Personally, I don't think a CW degree is relevant in terms of getting a job. It's not relevant if you want to earn enough to feed a family of four. You need to arm yourself with something else, with some other skills set, you need to thoughtfully and consciously and ethically build up a network that can help you use those skills to earn some money, and then use the spare time to write. I mean, let's face it: not everyone become full-time writers. And even full-time writers do things other than churn out novel after novel after novel: they make music, they put up awesome YouTube channels with their brothers, they write episodes of Doctor Who.
If asked, I think that creative writing as a pedagogy is important because it teaches craft, and craft is important. All the great ideas in the world will be useless if you can't communicate them in a way that is understandable, poignant, and beautiful. People focus so much on content, on "life experiences" that sometimes craft falls by the wayside. But then again, craft is not the be-all, end-all of writing, and let's face it, you can have all the craft drilled into your head but if you're not inclined to write, if you don't have the impetus of producing something at the end of the day, then there's no point.
Creative writing is not a relevant degree because people take it up out of love of the written word, the consequences be damned.
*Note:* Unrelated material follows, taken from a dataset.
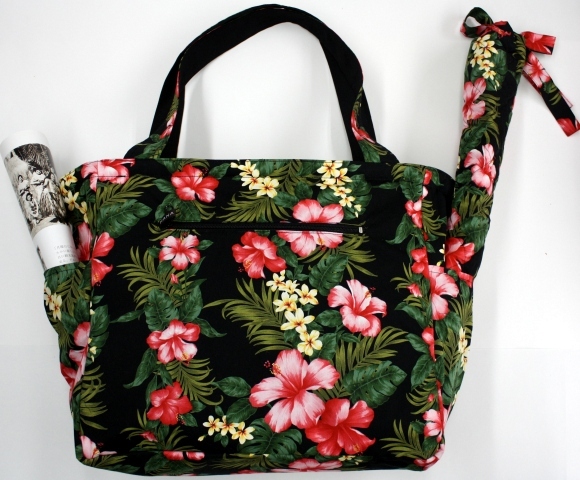 サイズは、イプ(Lサイズ)1個、ウリウリ1セット、パウスカート1着を入れられる大きさです。両サイドのポケットには、ペットボトル・汗拭きタオル・ウエットティッシュ・扇子など、すぐに取り出すことが出来ます。その他に外側には大きめのファスナー付きポケットがついています。地下鉄・電車・バスチケットや小銭など。内側には大小3つのポケットがついています。丈夫な芯を使って丁寧に作られているので、とてもしっかりしています。ハワイ旅行のセカンド用としても、大活躍 ✩✩✱

In that sense, it is not as relevant as, say, computer engineering or management or business administration. But in terms of contributing to something larger than yourself and your immediate concerns, then yes, writing is one of those activities where we try and figure out the intricacies of the human experience. But in doing so, we need to remember why we write in the first place, because it is that thought that will sustain us, that will make us pursue this love of telling stories. Because, let's face it, human civilization began because people said "Hey look, hunting and gathering and making and bearing children is not enough. Let's sit by the campfire, drink some alcohol, and tell stories."
And a thousand and more years later, we're still doing the same thing.